TOHOシネマズ シャンテ 『ベルファスト』

 算数で頑張った9歳のバディ(ジュード・ヒル)の席次は「3番」、そこんとこ観ていて、私ごめんけどすこーし、笑った。ケネス・ブラナーて、3番ぽいもん。1番の孤独、2番の屈折と離れて、「頑張った子」の3番はクラスの「普通の子たち」と「秀才たち」とのジョイントだ。若いころ撮った彼の映画を観、いま『ベルファスト』を観て、(やっぱ欠けてんなあ)と思うのは「深さ」である。

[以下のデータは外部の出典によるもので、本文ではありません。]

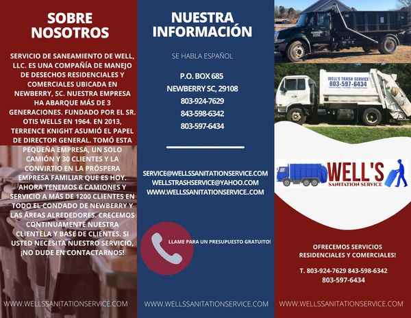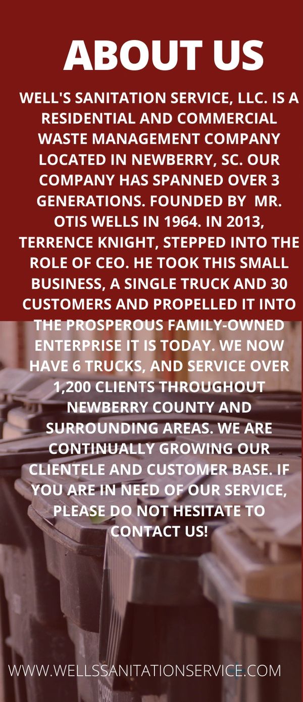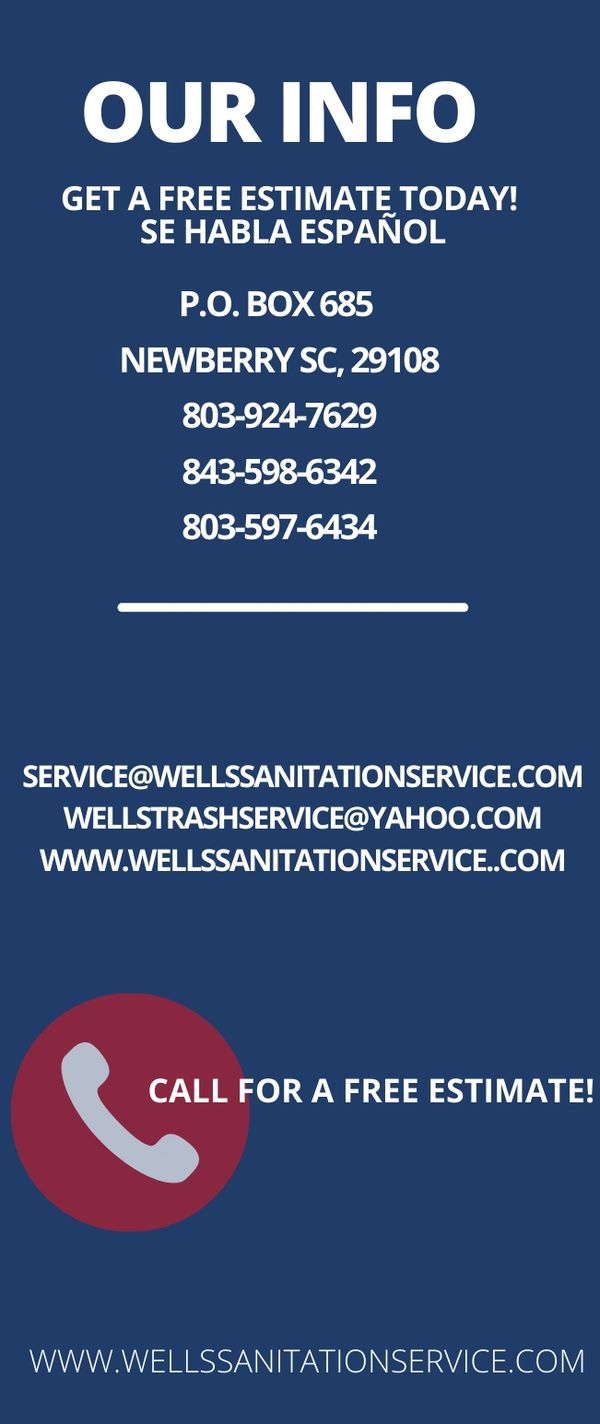 Mailing Address: P.O. Box 685 Newberry SC, 29108 Office & Sales: (803)924-7629 Email: service@wellssanitationservice.com or wellstrashservice@yahoo.com
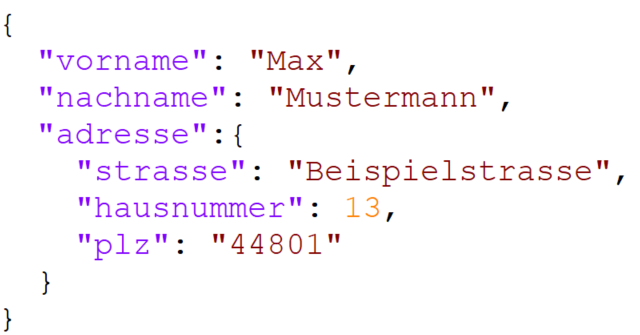 Sie können in Ihrem Formular auch Prozessvariablen verwenden. Diese müssen dann in je zwei geschweifte Klammern eingeschlossen werden (z.B. {{exampleVariable}}). Wenn Sie das Datenobjekt mit REST-Abfragen erhalten haben, können Sie diese ebenfalls verwenden. Um im folgenden Beispiel einer JSON-Datei die Postleitzahl des Datenobjekts Adresse zu erhalten, verwenden Sie adresse.plz. Hierbei können Sie beliebig viele Datenobjekte ineinander verschachteln.

映画の後半、祖父(キアラン・ハインズ)の事をバディの父(ジェイミー・ドーナン)は「深い(deep)人だった」というのだが、映画が遠浅で、どの深さも表現しきれてないよ。まず、棟続きのテラスハウスが、ぺらっとしてる。浅っ。モノクロで撮ったのそのせい?空もその奥に月面着陸があるなんて到底想像できない。バディが騎士ごっこの盾に使うゴミバケツのブリキの蓋で、突如始まった投石を母(カトリーナ・バルフ)は避(よ)ける。ここ、びみょー。可笑しい話にもできないし、悲惨な話にもなれない、「ジョイント」っぽい感じだ。このどっちつかずが、バランスを失って転落すれば必ずそこにある(筈の)「深さ」をきれいに避(よ)けてしまう。ケネス・ブラナーってきっとバランスがいいんだね。生きてゆくには賢明なやり方だけど、作品にすると平板だ。

 夕飯の支度が出来たことを母が飾らない大声で知らせ、長屋の間を子供が走り回る夕暮れが一瞬で変貌するシーンが素晴らしい。戦争ってこうして始まる、と思う。

 バディは映画やお芝居が大好きで、そこだけカラーで表現される。あ、この人同世代なんだと、引用される映画でちょっと驚く。私も観たよ、田舎の映画館で、そして、引き金を引くと赤く光る光線銃、うちにもあったなー。